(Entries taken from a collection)

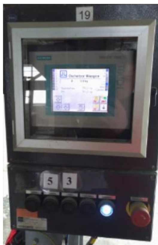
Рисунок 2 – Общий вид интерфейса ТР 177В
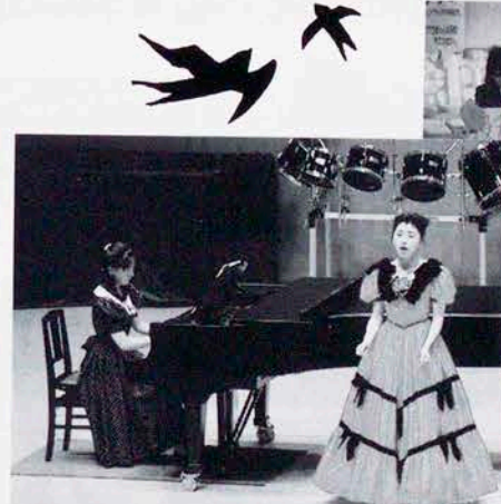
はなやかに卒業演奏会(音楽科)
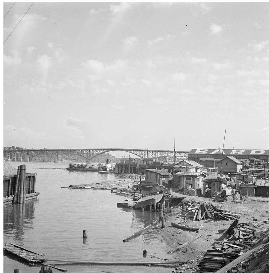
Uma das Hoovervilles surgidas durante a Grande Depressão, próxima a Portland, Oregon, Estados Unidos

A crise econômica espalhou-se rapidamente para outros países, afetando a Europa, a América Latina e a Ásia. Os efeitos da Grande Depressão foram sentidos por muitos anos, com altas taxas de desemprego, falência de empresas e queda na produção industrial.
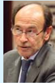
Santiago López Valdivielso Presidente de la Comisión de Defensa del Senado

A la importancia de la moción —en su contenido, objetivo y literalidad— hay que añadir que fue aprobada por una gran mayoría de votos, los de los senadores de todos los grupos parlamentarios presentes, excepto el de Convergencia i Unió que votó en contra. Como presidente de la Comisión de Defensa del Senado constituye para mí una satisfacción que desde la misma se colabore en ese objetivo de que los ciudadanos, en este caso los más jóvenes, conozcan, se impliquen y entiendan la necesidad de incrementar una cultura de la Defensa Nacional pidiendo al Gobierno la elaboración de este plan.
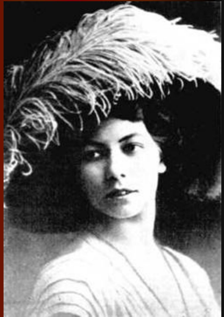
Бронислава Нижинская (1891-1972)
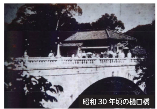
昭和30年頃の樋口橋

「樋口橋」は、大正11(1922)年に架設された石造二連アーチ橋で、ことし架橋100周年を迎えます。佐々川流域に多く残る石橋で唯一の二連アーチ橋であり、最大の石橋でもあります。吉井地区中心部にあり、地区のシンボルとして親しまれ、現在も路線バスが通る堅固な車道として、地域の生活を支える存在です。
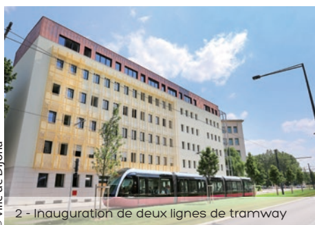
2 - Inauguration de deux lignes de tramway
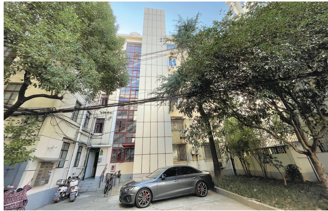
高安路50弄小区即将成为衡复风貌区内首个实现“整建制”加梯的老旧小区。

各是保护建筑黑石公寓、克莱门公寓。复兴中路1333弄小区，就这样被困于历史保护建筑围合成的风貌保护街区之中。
* * *
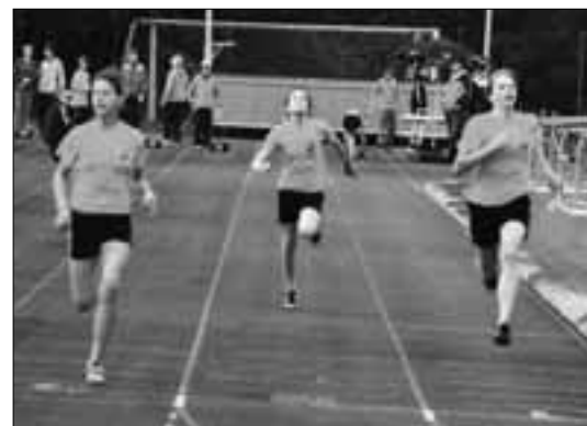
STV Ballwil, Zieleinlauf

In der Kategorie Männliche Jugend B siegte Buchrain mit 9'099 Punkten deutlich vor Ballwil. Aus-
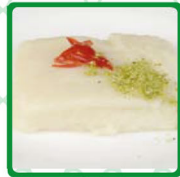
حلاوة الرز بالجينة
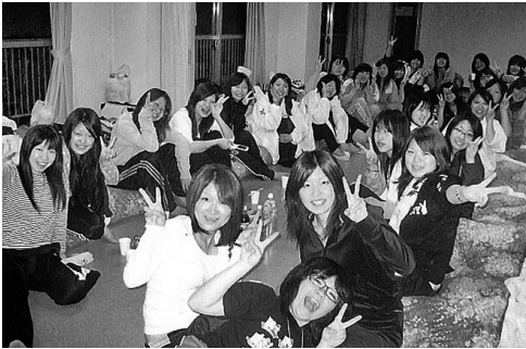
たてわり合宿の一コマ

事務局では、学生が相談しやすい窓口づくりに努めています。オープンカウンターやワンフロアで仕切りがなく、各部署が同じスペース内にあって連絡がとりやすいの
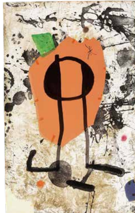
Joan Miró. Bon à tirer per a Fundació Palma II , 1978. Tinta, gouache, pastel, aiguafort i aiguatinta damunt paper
--
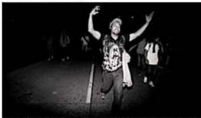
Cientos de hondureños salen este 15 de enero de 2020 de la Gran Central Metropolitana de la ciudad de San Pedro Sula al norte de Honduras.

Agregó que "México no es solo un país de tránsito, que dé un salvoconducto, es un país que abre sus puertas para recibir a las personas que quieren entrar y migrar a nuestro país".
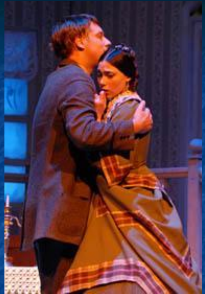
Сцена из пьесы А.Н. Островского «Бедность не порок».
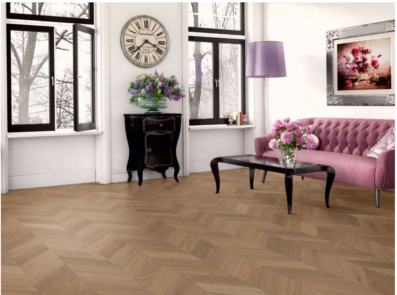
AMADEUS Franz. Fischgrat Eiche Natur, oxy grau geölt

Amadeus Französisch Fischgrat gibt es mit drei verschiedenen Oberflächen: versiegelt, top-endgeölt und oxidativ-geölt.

▶ PROBLEM TO SOLVE
If a line of the data contains "Grande", copy it out.

▶ ANSWER AREA
Uma das Hoovervilles surgidas durante a Grande Depressão, próxima a Portland, Oregon, Estados Unidos
A crise econômica espalhou-se rapidamente para outros países, afetando a Europa, a América Latina e a Ásia. Os efeitos da Grande Depressão foram sentidos por muitos anos, com altas taxas de desemprego, falência de empresas e queda na produção industrial.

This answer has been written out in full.